Bearing the Body, by Ehud Havazelet, is an intense look at family dynamics and the after-effects of the Holocaust in relation to the silence of the survivors, survivors trying to quietly assimilate in a new environment. Often times the events of the past are so horrific and traumatic, that they are difficult for one to bear. Havazelet has an deep comprehension of this.
Dysfunction reigns, and rains, heavily, through the clouds of family dynamics. Silence resounds loudly, echoing fragments of the past, of the Holocaust. Assimilation and trying to forget one’s past affects the children of survivors, in more ways than one can imagine. This novel depicts that dilemma. It is a story of survivors passing their burdens to the next generation to bear, within their bodies, both emotionally and mentally, not to mention the physical consequences of that decision. Secrets are kept, yet those very secrets are what has caused family rift, family anger, family emotional separation and lack of unity.
Sol, the father, is a Holocaust survivor, and a man who is silently carrying the burdens of the past. Due to his silence he is subject to strange behavior. Daniel, the eldest son, has unexpectedly died. Nathan, the youngest son, is a boy in a man’s body. Nathan is stuck in time, and can’t seem to evolve from his childhood. He has hang-ups, including use of marijuana, alcohol, and has sexually obsessive issues. He is a womanizer, and his life revolves around his sexual urges and impulses, and his desire for immediate gratification, no matter the cost. One despicable act, in the first few pages of the book, cost him his relationship with his girlfriend. He doesn’t seem to get the reasoning, though, and keeps phoning her to try to win her back. He is in denial, and won’t face the truth of the situation, and the resulting consequences of his actions.
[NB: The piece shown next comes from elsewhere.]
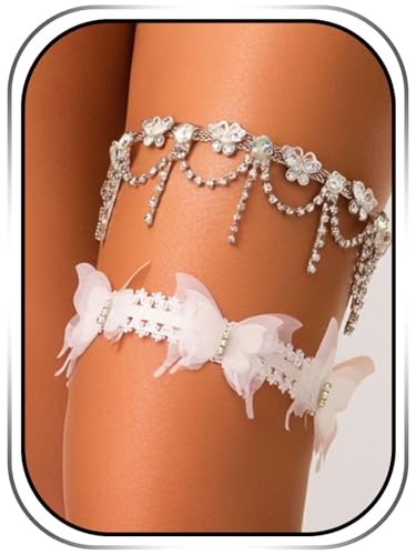 Campsis Wedding Garter for Bride, Rhinestone Thigh Garter Belt, Butterfly Leg Belt for Women
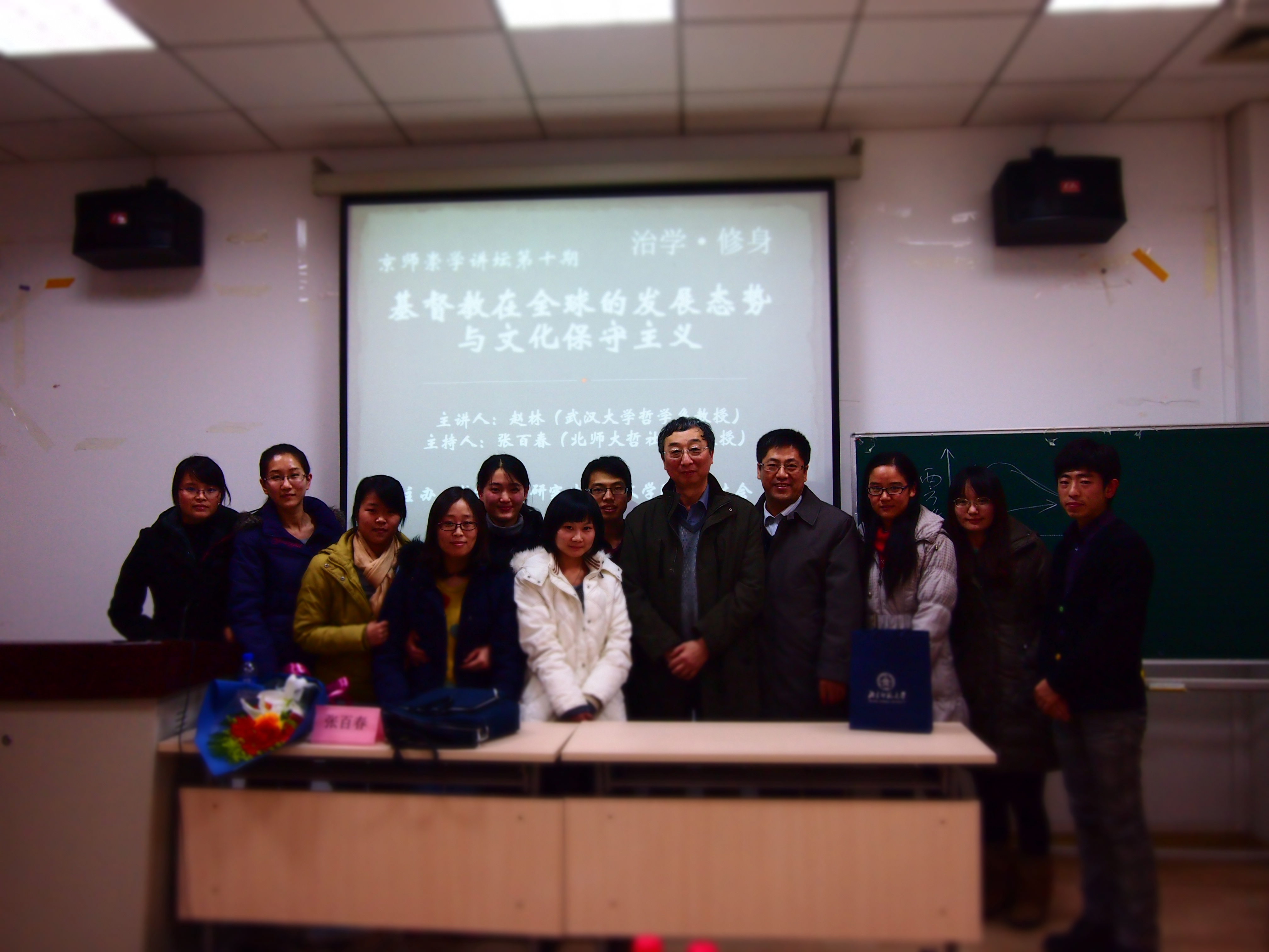 在武汉大学学生中流传着这样一句话:“四年上学期间没听过赵林老师的课,就等于没上武汉大学。”12月8日晚八点,京师崇学讲坛第十期就邀请到了这位来自武汉大学哲学学院的教授、博士生导师赵林老师,为同学们带来了一场名为《基督教在全球的发展态势与文化保守主义》的精彩讲座。此次讲座由哲学与社会学学院、文学院研究生会举办。

Sol writes to strangers, family members of those murdered in the Holocaust, in order to express to them some form of sympathy and condolence. Yet, he bore the burden of silence, choosing not to reveal to his sons the facts of his surviving the Holocaust. He keeps a constant foot in his old world, while simultaneously keeping his other foot rooted in Queens. He is a man constricted and restricted, emotionally and verbally. He is unable to tell his sons that he loves them, much to the chagrin of his wife. His silence has kept him from moving forward, causing disharmony within the family unit.
Sol and Nathan have traveled to San Francisco to find out what caused Daniel’s death. While there, Sol becomes hospitalized. Nathan resorts to alcohol, denying and pushing his father’s illness to the background of his mind. Sol eventually leaves the hospital, alone, due to Nathan’s drinking binge.
During one scene in the novel, Sol carries Daniel’s ashes up the steep and hilly streets of San Francisco. Bearing the body of his son, bearing the bodies of his family members who were Holocaust victims, bearing the bodies of so many souls, bearing his own body with its aging medical problems, bearing the burden of loss, bearing the lack of verbalizing his love for his sons. So much to bear in one human body.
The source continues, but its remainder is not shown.